## EXERCISE BRIEF
Please make an exact copy of the listing, without the pictures.

## SUPPLIED MATERIAL
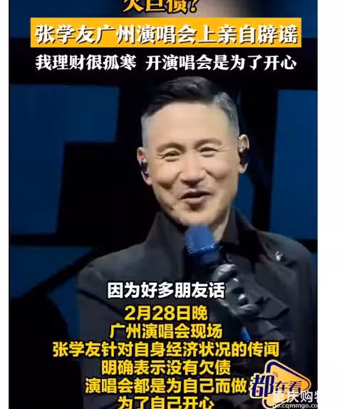 接著張學友表示,自己真的沒有欠別人錢,「小時候,我媽媽就跟我說:『兒子啊,借錢是很困難的,一定要靠自己努力。』這句話我一直記到現在,所以我其實是很害怕借錢的,不太敢去借錢。」透露之所以開這麼多演唱會,都是為了自己而做,「因為我覺得開心,希望能讓更多喜歡聽我唱歌的朋友,聽到我的歌聲。」
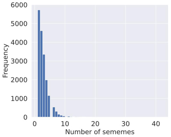 The distribution of sememes in the dataset is shown in Figure 3, in which the horizontal coordinates indicate the number of sememe annotations of a word in HowNet, and the vertical coordinates indicate the frequency of the word. According to the figure, most of the words were interpreted by 1–5 sememes, and very few words were interpreted by more than 10 sememes.
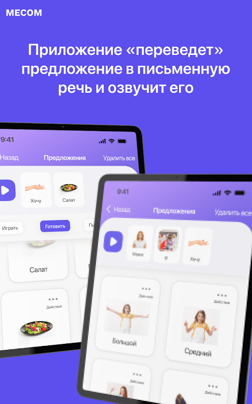 Mecom Communicator est une application mobile pour la formation de la parole et la communication non verbale. Il aide de manière ludique à maîtriser les compétences de communication et à accéder progressivement à une vie indépendante. L'application a été développée en collaboration avec des éducateurs professionnels qui se sont consacrés à travailler avec des personnes spéciales.
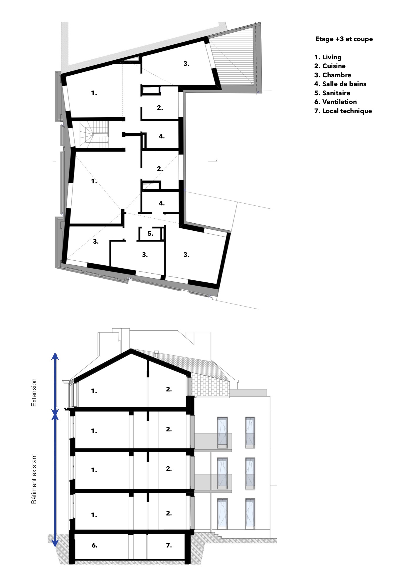 Le projet comprend la rénovation lourde avec restructuration des appartements et des extensions et un nouvel étage contemporain en toiture afin d’offrir des appartements de qualité.

## ANSWER AREA
 接著張學友表示,自己真的沒有欠別人錢,「小時候,我媽媽就跟我說:『兒子啊,借錢是很困難的,一定要靠自己努力。』這句話我一直記到現在,所以我其實是很害怕借錢的,不太敢去借錢。」透露之所以開這麼多演唱會,都是為了自己而做,「因為我覺得開心,希望能讓更多喜歡聽我唱歌的朋友,聽到我的歌聲。」
 The distribution of sememes in the dataset is shown in Figure 3, in which the horizontal coordinates indicate the number of sememe annotations of a word in HowNet, and the vertical coordinates indicate the frequency of the word. According to the figure, most of the words were interpreted by 1–5 sememes, and very few words were interpreted by more than 10 sememes.
 Mecom Communicator est une application mobile pour la formation de la parole et la communication non verbale. Il aide de manière ludique à maîtriser les compétences de communication et à accéder progressivement à une vie indépendante. L'application a été développée en collaboration avec des éducateurs professionnels qui se sont consacrés à travailler avec des personnes spéciales.
 Le projet comprend la rénovation lourde avec restructuration des appartements et des extensions et un nouvel étage contemporain en toiture afin d’offrir des appartements de qualité.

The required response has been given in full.